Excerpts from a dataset

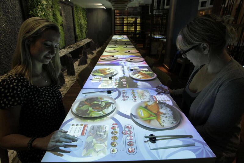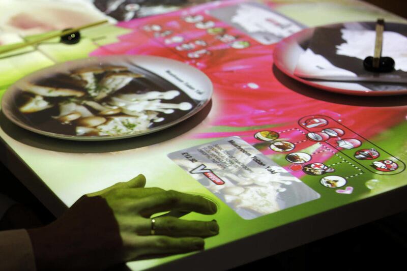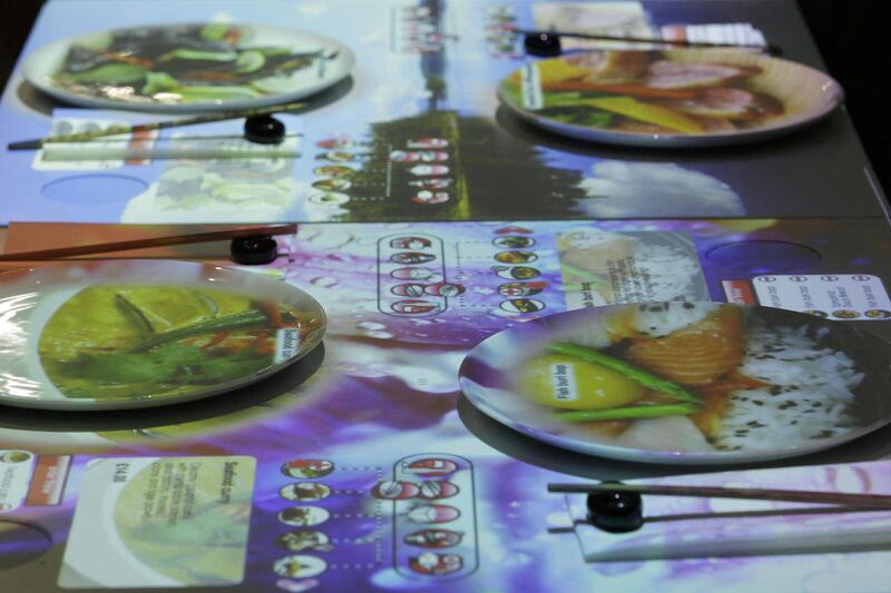 The plate stays blank until customers use a touchpad to open the menu and click on items, when the projector beams down images of, say, crispy pork belly or Thai beef salad.
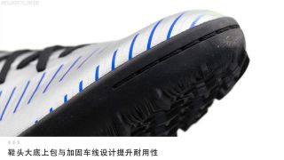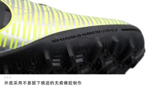 不管是地毯草还是塑胶地板场地,Nike MercurialX Victory VI NJR TF所采用的这款TF大底绝对能让你拥有与大场版本相同的速度表现。独特的三叉星形鞋钉比以往TF战靴采用的圆钉抓地力更强,帮助你用速度轻松突破对手防线。此外,如今小场足球场地不仅仅限于人造草场地,塑胶地板和室内木地板场地也越来越多。为了提升战靴的场地适应性,大底特意采用了无痕橡胶制作,以此提升球鞋的场地适应性。
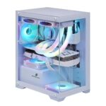 Micro-ATX、ITX対応のミドルタワーPCケース。静音・コンパクト設計、強化ガラスパネルのホワイトモデル。RGBファン対応、LEDライティング、優れたケーブルマネジメント、高エアフローでデスク下設置可能。
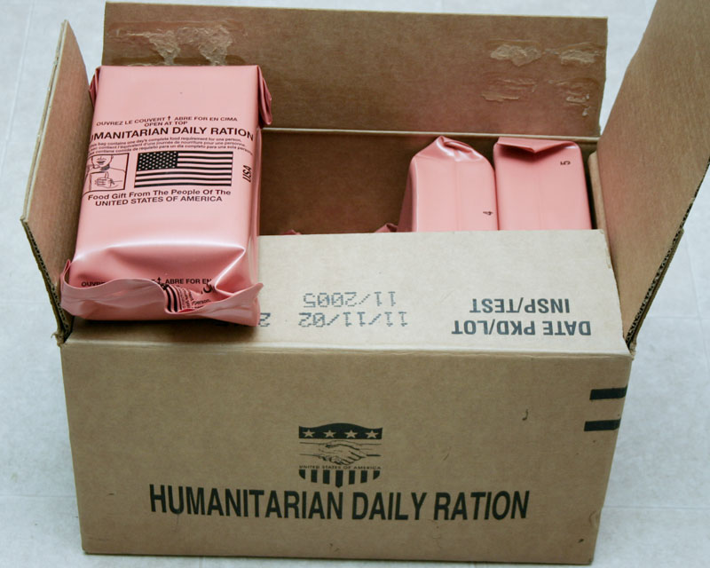 Ok...here are the Humanitarian MRE's we have. My boyfriend was supposed to take a pic of the TTI label but didn't ( hard to find good help these day..jk). Anyway, like i said previously, the TTI label is black but if somebody wants 'em we will sell them for like $25 (have to make our money back) plus whatever UPS shipping is to your house. We get discounts on UPS so let me quote ya.
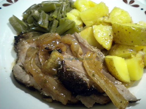Carve the pork, spoon a little of this pan juice over it, and serve with the lemon wedges.
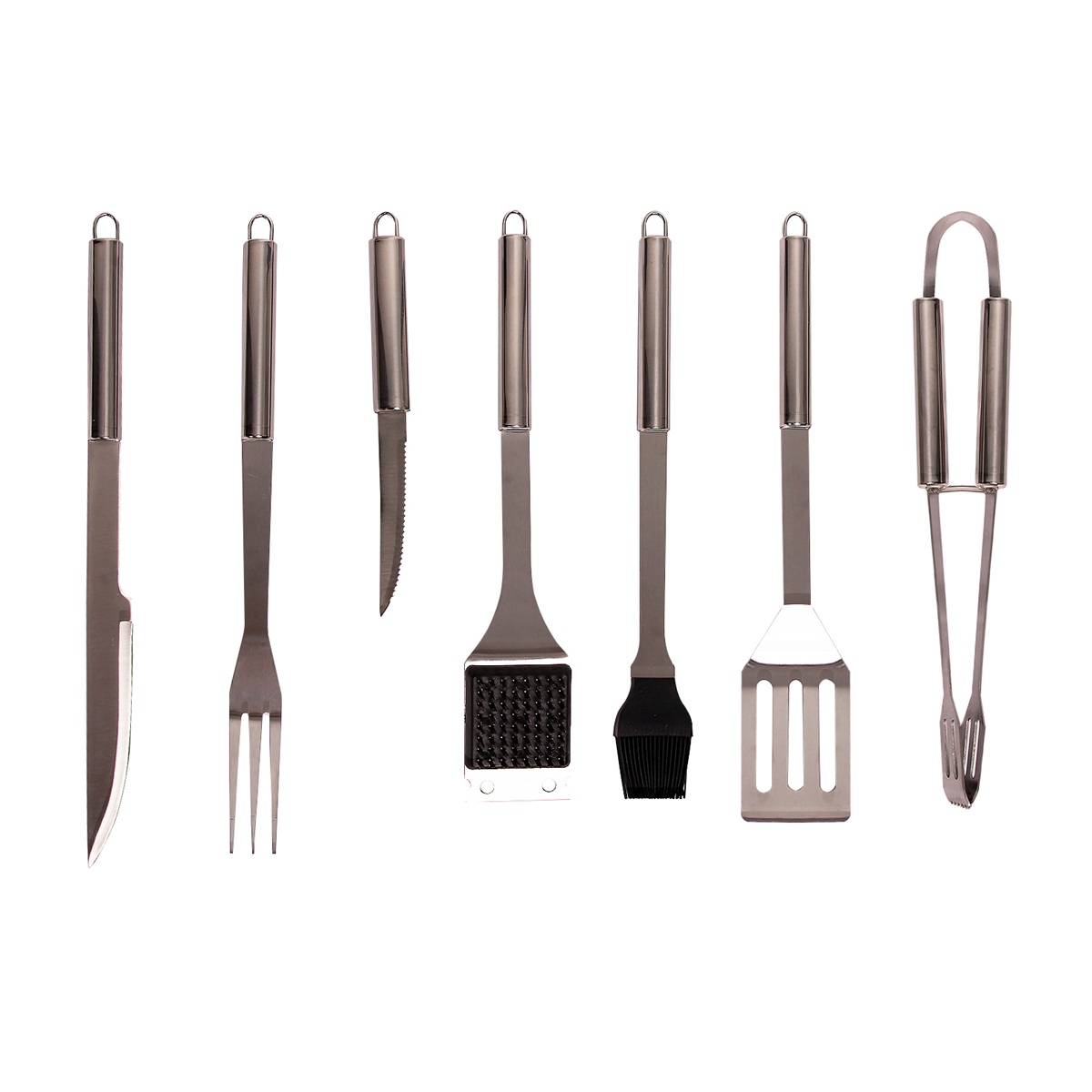 sada obsahuje nejenom nejpoužívanější grilovací nářadí, ale i nářadí na údržbu roštu– velký nůž, vidličku, malý zubatý nůž, kartáč na čištění grilu se škrabkou, štětec na potírání-mašlovačku, obracečku a kleště
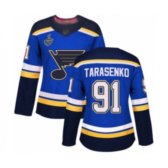 Women's St. Louis Blues #91 Vladimir Tarasenko Authentic Royal Blue Home 2019 Stanley Cup Final Bound Hockey Jersey
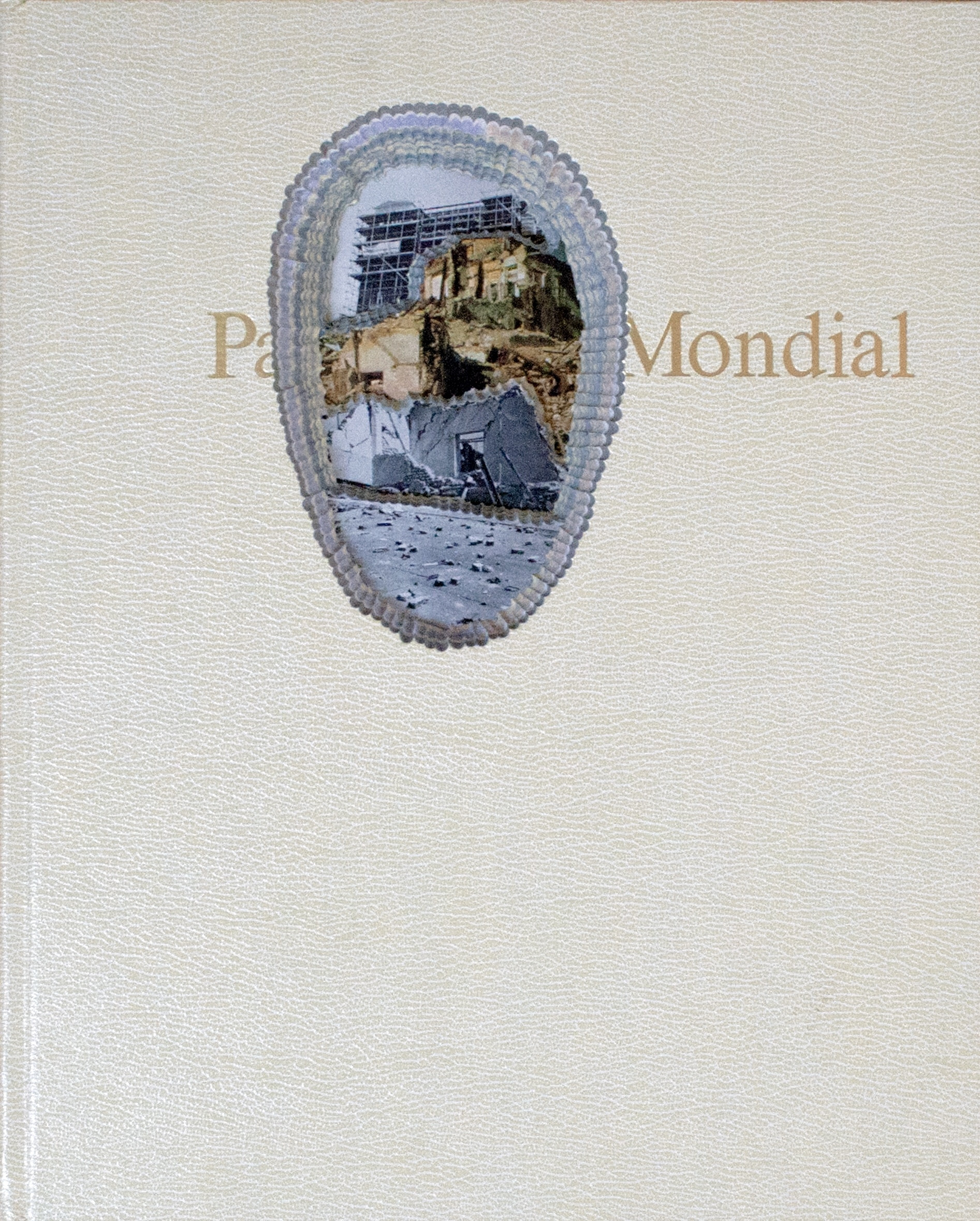 Archéologie livresque réalisée dans l’encyclopédie Panorama mondial. Les livres sont fouillés comme des carrières à ciel ouvert. Les creux réalisés à la gouge laissent apparaître, sur plusieurs étages, des images comportant des constructions dont l’état fait écho aux mutations de nos paysages contemporains. L’œuvre est vendue avec son socle mural.

WHAT THE TASK REQUIRES ▸ Only lines belong in the copy: transcribe those from the start of the data through the line that contains "Ok...here are the", and skip the pictures.

TASK RESPONSE ▸
 The plate stays blank until customers use a touchpad to open the menu and click on items, when the projector beams down images of, say, crispy pork belly or Thai beef salad.
 不管是地毯草还是塑胶地板场地,Nike MercurialX Victory VI NJR TF所采用的这款TF大底绝对能让你拥有与大场版本相同的速度表现。独特的三叉星形鞋钉比以往TF战靴采用的圆钉抓地力更强,帮助你用速度轻松突破对手防线。此外,如今小场足球场地不仅仅限于人造草场地,塑胶地板和室内木地板场地也越来越多。为了提升战靴的场地适应性,大底特意采用了无痕橡胶制作,以此提升球鞋的场地适应性。
 Micro-ATX、ITX対応のミドルタワーPCケース。静音・コンパクト設計、強化ガラスパネルのホワイトモデル。RGBファン対応、LEDライティング、優れたケーブルマネジメント、高エアフローでデスク下設置可能。
 Ok...here are the Humanitarian MRE's we have. My boyfriend was supposed to take a pic of the TTI label but didn't ( hard to find good help these day..jk). Anyway, like i said previously, the TTI label is black but if somebody wants 'em we will sell them for like $25 (have to make our money back) plus whatever UPS shipping is to your house. We get discounts on UPS so let me quote ya.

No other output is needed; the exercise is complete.